> EXERCISE DESCRIPTION
The answer is the complete listing below, written out again exactly.

> MATERIAL FOR THIS TASK
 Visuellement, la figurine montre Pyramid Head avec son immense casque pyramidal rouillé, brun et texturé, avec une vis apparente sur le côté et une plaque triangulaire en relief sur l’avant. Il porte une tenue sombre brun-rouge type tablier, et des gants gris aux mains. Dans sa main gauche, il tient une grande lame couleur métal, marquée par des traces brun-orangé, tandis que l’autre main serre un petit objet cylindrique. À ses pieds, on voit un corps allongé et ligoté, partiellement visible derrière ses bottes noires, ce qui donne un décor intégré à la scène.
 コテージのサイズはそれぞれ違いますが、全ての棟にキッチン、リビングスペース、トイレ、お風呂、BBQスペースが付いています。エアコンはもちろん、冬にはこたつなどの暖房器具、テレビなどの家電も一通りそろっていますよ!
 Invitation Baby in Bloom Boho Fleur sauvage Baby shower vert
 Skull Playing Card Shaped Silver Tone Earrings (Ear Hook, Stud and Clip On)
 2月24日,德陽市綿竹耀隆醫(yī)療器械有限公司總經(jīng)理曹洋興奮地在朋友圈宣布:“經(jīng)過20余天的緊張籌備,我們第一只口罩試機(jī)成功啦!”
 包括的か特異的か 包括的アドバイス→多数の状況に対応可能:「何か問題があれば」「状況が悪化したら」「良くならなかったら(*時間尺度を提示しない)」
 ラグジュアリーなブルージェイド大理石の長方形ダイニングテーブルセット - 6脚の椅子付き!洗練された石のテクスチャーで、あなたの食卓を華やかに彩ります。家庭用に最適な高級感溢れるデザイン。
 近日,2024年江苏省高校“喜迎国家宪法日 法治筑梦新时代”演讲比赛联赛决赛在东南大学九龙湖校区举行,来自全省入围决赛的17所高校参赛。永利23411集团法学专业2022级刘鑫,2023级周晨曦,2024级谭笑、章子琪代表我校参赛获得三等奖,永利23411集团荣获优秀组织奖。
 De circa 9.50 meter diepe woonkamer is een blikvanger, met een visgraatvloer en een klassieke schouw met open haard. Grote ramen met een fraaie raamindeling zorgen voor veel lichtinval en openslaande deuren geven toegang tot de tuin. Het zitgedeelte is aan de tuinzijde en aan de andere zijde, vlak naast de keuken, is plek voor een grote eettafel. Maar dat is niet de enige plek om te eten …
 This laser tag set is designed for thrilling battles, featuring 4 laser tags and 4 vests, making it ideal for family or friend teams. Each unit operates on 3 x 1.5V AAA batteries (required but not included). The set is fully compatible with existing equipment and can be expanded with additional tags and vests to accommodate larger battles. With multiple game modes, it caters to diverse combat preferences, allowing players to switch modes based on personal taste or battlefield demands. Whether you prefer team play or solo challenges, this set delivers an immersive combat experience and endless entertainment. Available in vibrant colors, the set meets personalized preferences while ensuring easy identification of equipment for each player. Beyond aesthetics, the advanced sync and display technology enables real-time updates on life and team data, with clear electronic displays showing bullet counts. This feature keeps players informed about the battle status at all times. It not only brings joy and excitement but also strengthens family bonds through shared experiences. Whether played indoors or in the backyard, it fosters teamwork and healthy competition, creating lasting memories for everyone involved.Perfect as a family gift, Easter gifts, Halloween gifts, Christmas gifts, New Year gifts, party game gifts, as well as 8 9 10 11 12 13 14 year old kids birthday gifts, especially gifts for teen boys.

> RESPONSE
 Visuellement, la figurine montre Pyramid Head avec son immense casque pyramidal rouillé, brun et texturé, avec une vis apparente sur le côté et une plaque triangulaire en relief sur l’avant. Il porte une tenue sombre brun-rouge type tablier, et des gants gris aux mains. Dans sa main gauche, il tient une grande lame couleur métal, marquée par des traces brun-orangé, tandis que l’autre main serre un petit objet cylindrique. À ses pieds, on voit un corps allongé et ligoté, partiellement visible derrière ses bottes noires, ce qui donne un décor intégré à la scène.
 コテージのサイズはそれぞれ違いますが、全ての棟にキッチン、リビングスペース、トイレ、お風呂、BBQスペースが付いています。エアコンはもちろん、冬にはこたつなどの暖房器具、テレビなどの家電も一通りそろっていますよ!
 Invitation Baby in Bloom Boho Fleur sauvage Baby shower vert
 Skull Playing Card Shaped Silver Tone Earrings (Ear Hook, Stud and Clip On)
 2月24日,德陽市綿竹耀隆醫(yī)療器械有限公司總經(jīng)理曹洋興奮地在朋友圈宣布:“經(jīng)過20余天的緊張籌備,我們第一只口罩試機(jī)成功啦!”
 包括的か特異的か 包括的アドバイス→多数の状況に対応可能:「何か問題があれば」「状況が悪化したら」「良くならなかったら(*時間尺度を提示しない)」
 ラグジュアリーなブルージェイド大理石の長方形ダイニングテーブルセット - 6脚の椅子付き!洗練された石のテクスチャーで、あなたの食卓を華やかに彩ります。家庭用に最適な高級感溢れるデザイン。
 近日,2024年江苏省高校“喜迎国家宪法日 法治筑梦新时代”演讲比赛联赛决赛在东南大学九龙湖校区举行,来自全省入围决赛的17所高校参赛。永利23411集团法学专业2022级刘鑫,2023级周晨曦,2024级谭笑、章子琪代表我校参赛获得三等奖,永利23411集团荣获优秀组织奖。
 De circa 9.50 meter diepe woonkamer is een blikvanger, met een visgraatvloer en een klassieke schouw met open haard. Grote ramen met een fraaie raamindeling zorgen voor veel lichtinval en openslaande deuren geven toegang tot de tuin. Het zitgedeelte is aan de tuinzijde en aan de andere zijde, vlak naast de keuken, is plek voor een grote eettafel. Maar dat is niet de enige plek om te eten …
 This laser tag set is designed for thrilling battles, featuring 4 laser tags and 4 vests, making it ideal for family or friend teams. Each unit operates on 3 x 1.5V AAA batteries (required but not included). The set is fully compatible with existing equipment and can be expanded with additional tags and vests to accommodate larger battles. With multiple game modes, it caters to diverse combat preferences, allowing players to switch modes based on personal taste or battlefield demands. Whether you prefer team play or solo challenges, this set delivers an immersive combat experience and endless entertainment. Available in vibrant colors, the set meets personalized preferences while ensuring easy identification of equipment for each player. Beyond aesthetics, the advanced sync and display technology enables real-time updates on life and team data, with clear electronic displays showing bullet counts. This feature keeps players informed about the battle status at all times. It not only brings joy and excitement but also strengthens family bonds through shared experiences. Whether played indoors or in the backyard, it fosters teamwork and healthy competition, creating lasting memories for everyone involved.Perfect as a family gift, Easter gifts, Halloween gifts, Christmas gifts, New Year gifts, party game gifts, as well as 8 9 10 11 12 13 14 year old kids birthday gifts, especially gifts for teen boys.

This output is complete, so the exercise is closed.